Structural, electronic, and charge transfer features for two kinds of MoS2/Cs2PbI4 interfaces with optoelectronic applicability: Insights from first-principles

Low-dimensional transitional metal sulfide and halide perovskite heterostructures have attracted considerable attention due to their wide applicability in optoelectronics. We present detailed research that combines two-dimensional MoS2 and Cs2PbI4 into heterostructures and investigate the electronic structure, charge carrier transfer, and optical properties of two kinds of heterostructures (1T-MoS2/Cs2PbI4 and 2H-MoS2/Cs2PbI4) based on density functional theory.

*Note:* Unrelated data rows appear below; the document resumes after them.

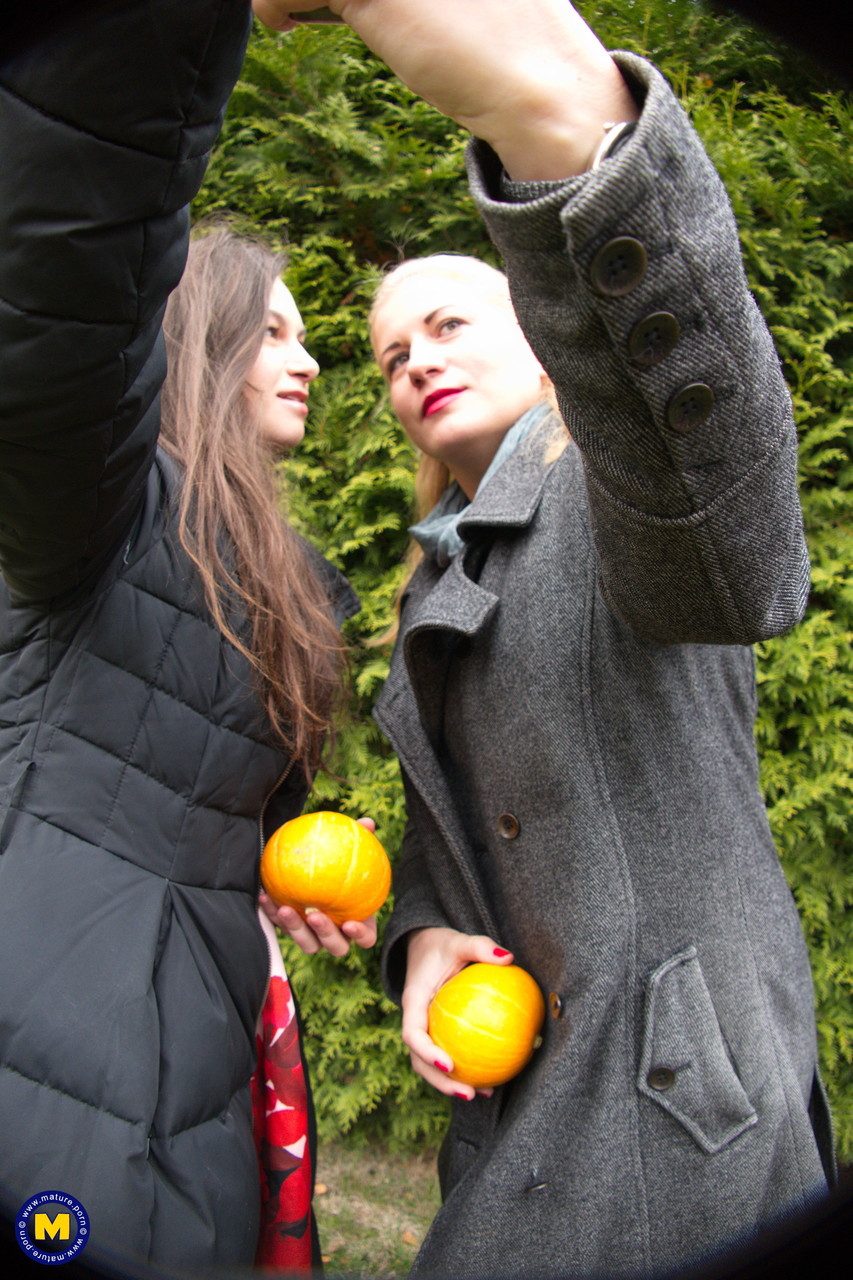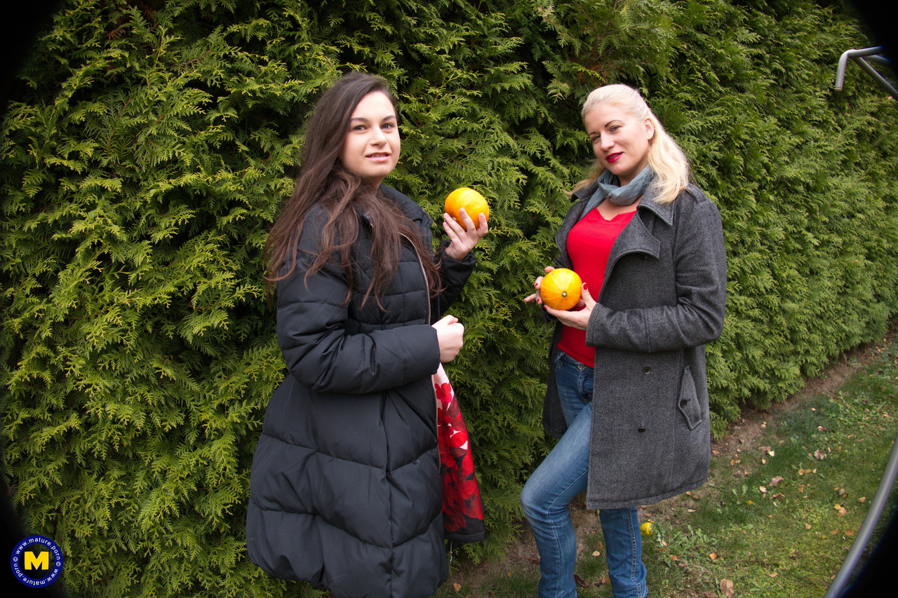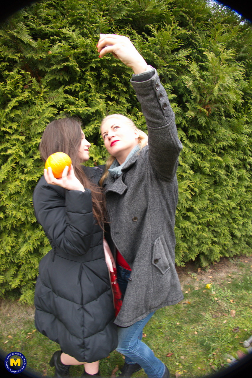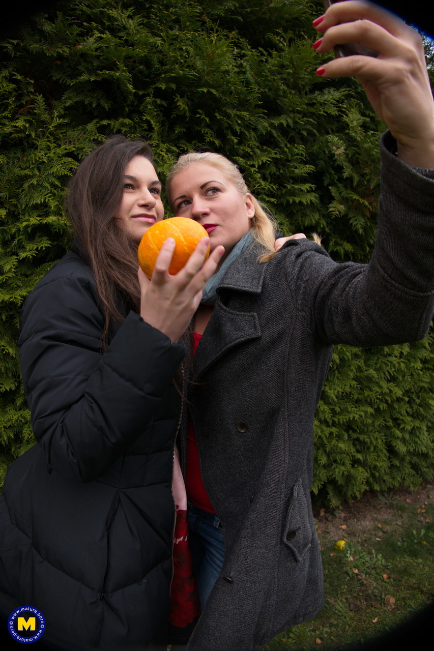 成熟女同性恋卡莉娜和波莉娜在户外自拍时摆姿势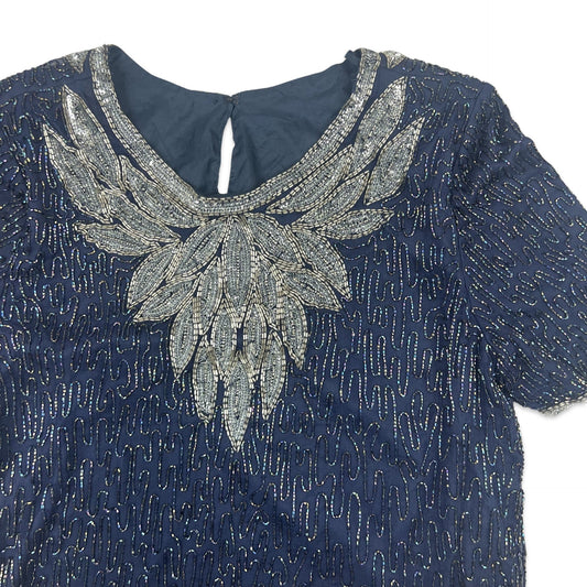 Vintage 80s Boxy Oversized Sequin Blouse Blue 14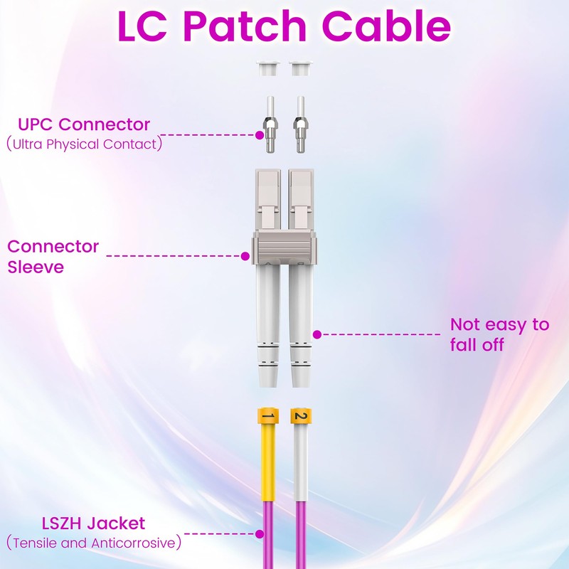 - 🔥Durable and Safe LSZH Jacket: The Low Smoke Zero Halogen (LSZH) jacket of the SpeedyCables OM4 fiber patch cable offers superior flame resistance, making it safe for indoor use by minimizing toxic smoke emissions.Magenta-colored OM4 identification, Ideal for use in environments where safety is a priority, such as server rooms and data centers.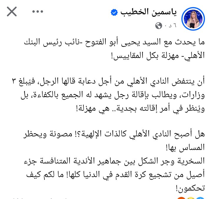 علقت المذيعة ياسمين الخطيب على الهيصة الفارغة التى يقوم بها النادى الاهلى ضد السيد يحيى أبو الفتوح نائب رئيس البنك الأهلي.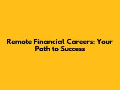 Remote Financial Careers: Your Path To Success
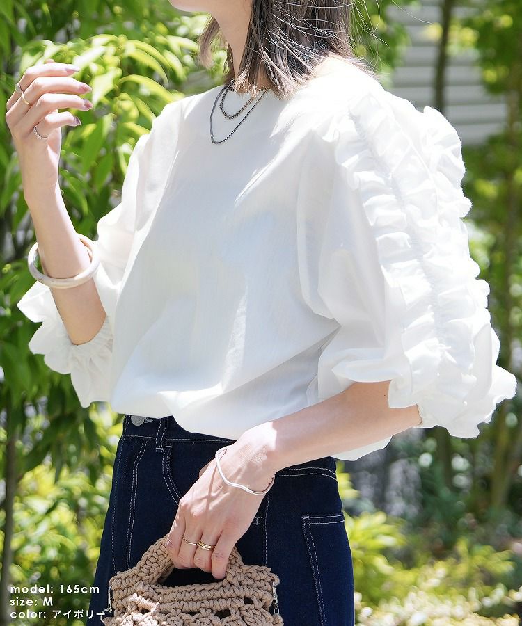 フリルスリーブブラウス(y4461) ネコポス発送10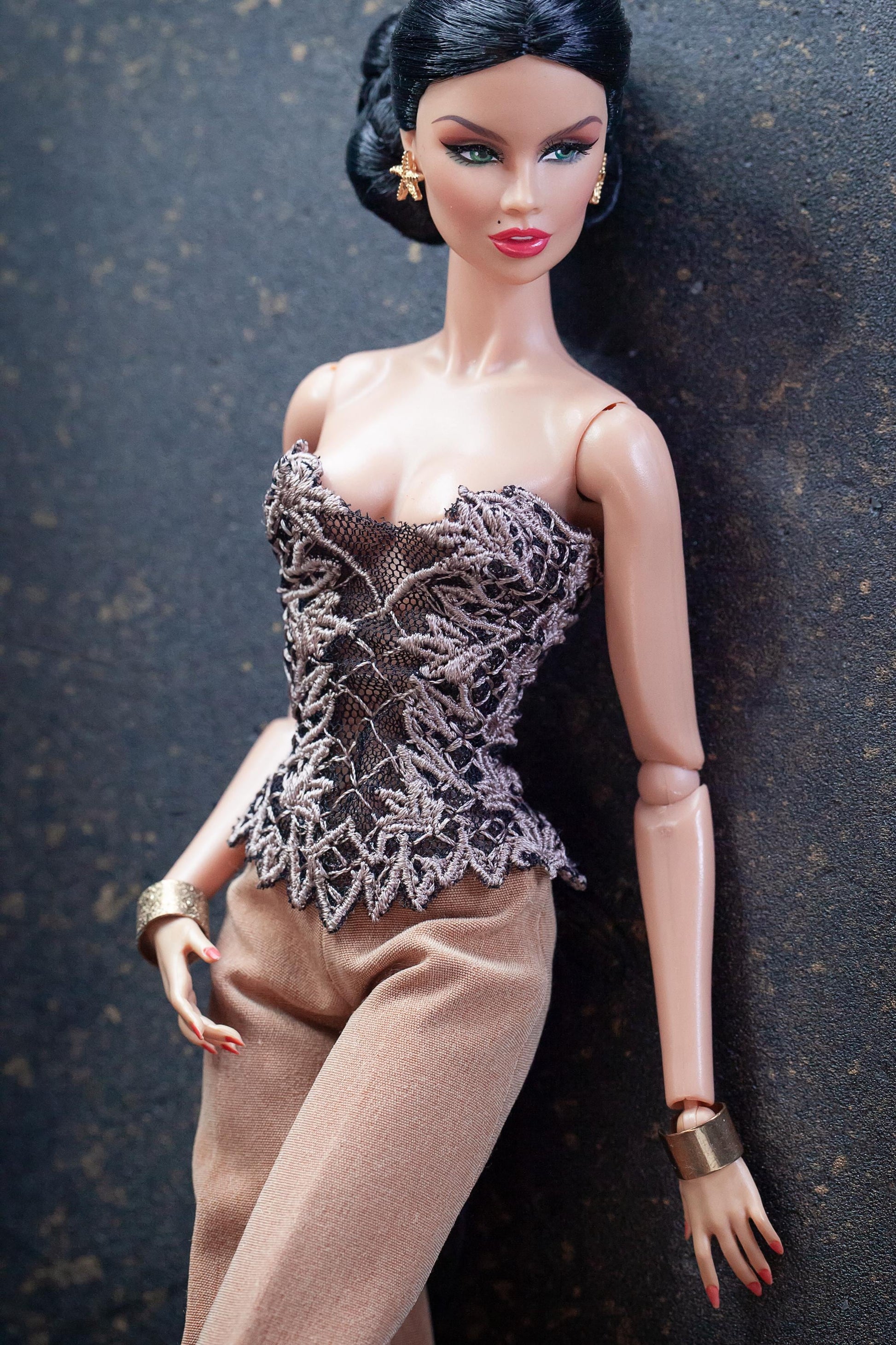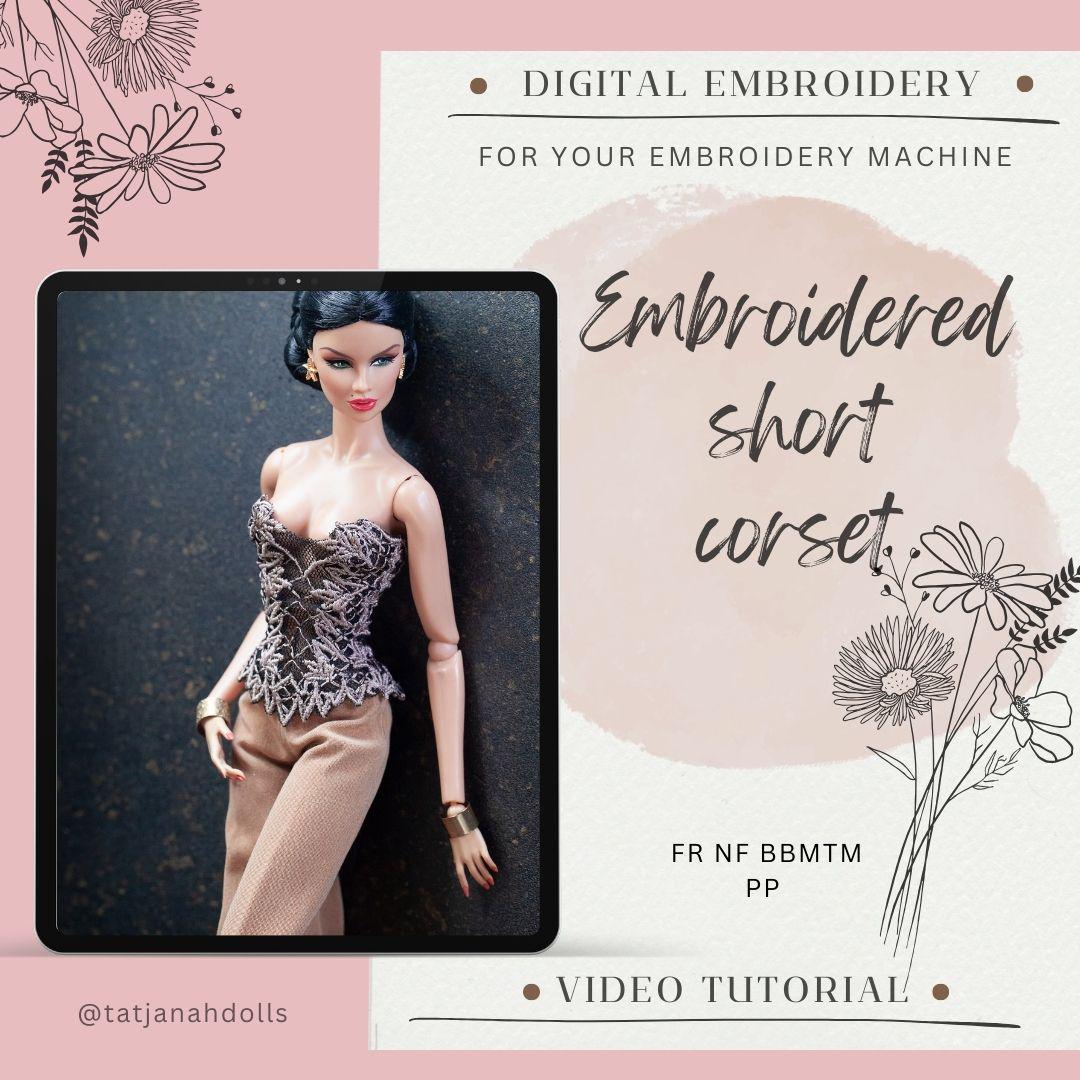 Digital Embroidery /embroidered lace short corset for Fashion Royalty, Nu Face, Poppy Parker and BB MTM dolls. + Video tutorial.
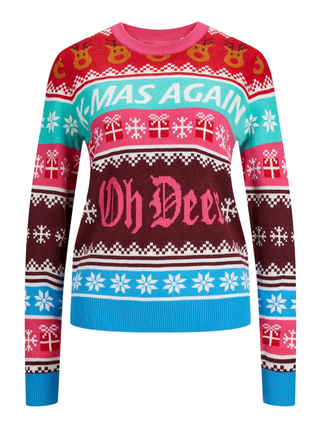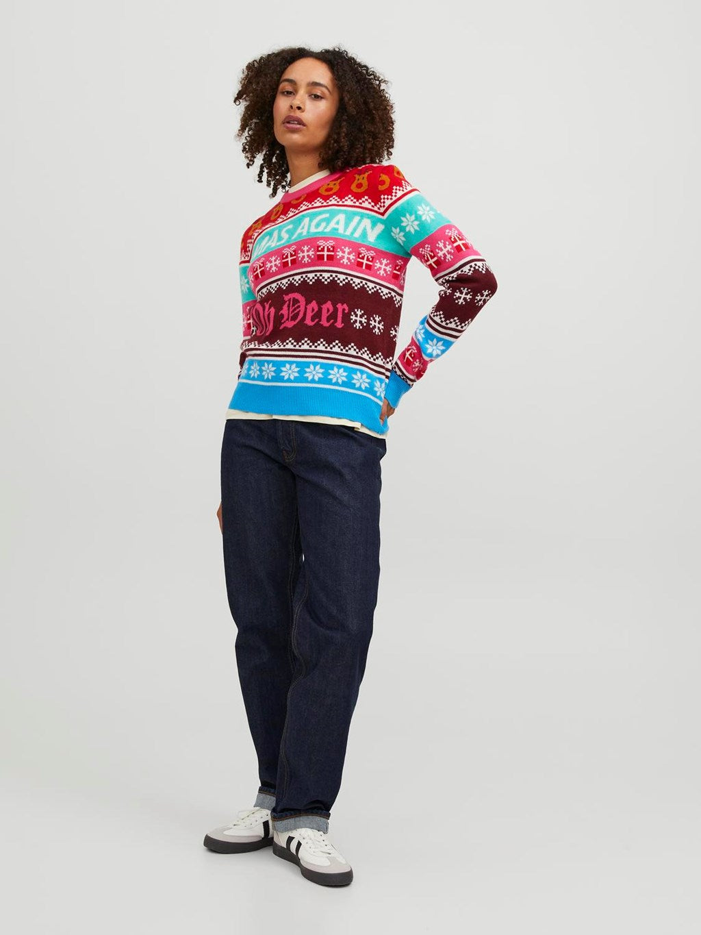 Örgü Noel kazağıyla tatil ruhuna girin. İnanılmaz derecede rahattır ve tasarımı oldukça şenlikli görünmesini sağlar; Jakar, işlemeli...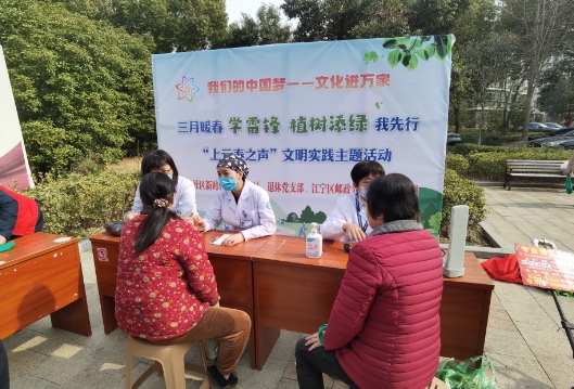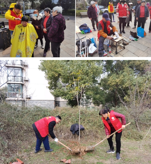植树现场,退休党员们纷纷热情高涨,一派热火朝天的景象,挥锹铲土、培土围堰、提水浇灌、扶树正苗,合力栽下蜜桔、栀子花等十几棵树苗,为小区绿化再补新装。此外还设有健康义诊、义务理发、磨刀、反电诈宣传等摊位,居民络绎不绝。在健康义诊区,医生们认真问诊,耐心解答,为居民提供了科学的健康指导;磨刀、理发等便民服务摊位也是“生意火爆”,居民将自家用钝的菜刀拿出来,不一会儿,刀具被磨得光亮如新;义剪师傅为居民系好围布,按照老人的期望进行“私人订制”,经过一番仔细修剪,头发都变得十分干净整齐。

It is predicted that both interfacial contacts for 1T-MoS2/Cs2PbI4 exhibit p-type Schottky contacts and the Schottky barrier heights of interfacial contacts can be largely tuned based on interfacial engineering. The 2H-MoS2/Cs2PbI4 heterostructure demonstrates type II band alignment, which can effectively enhance photogenerated carrier separation and optical absorption coefficients. The tunable Schottky barrier heights in 1T-MoS2/Cs2PbI4 and the type II band alignment in the 2H-MoS2/Cs2PbI4 heterostructure would provide the potential application in future designs of field effect transistor and photovoltaic applications.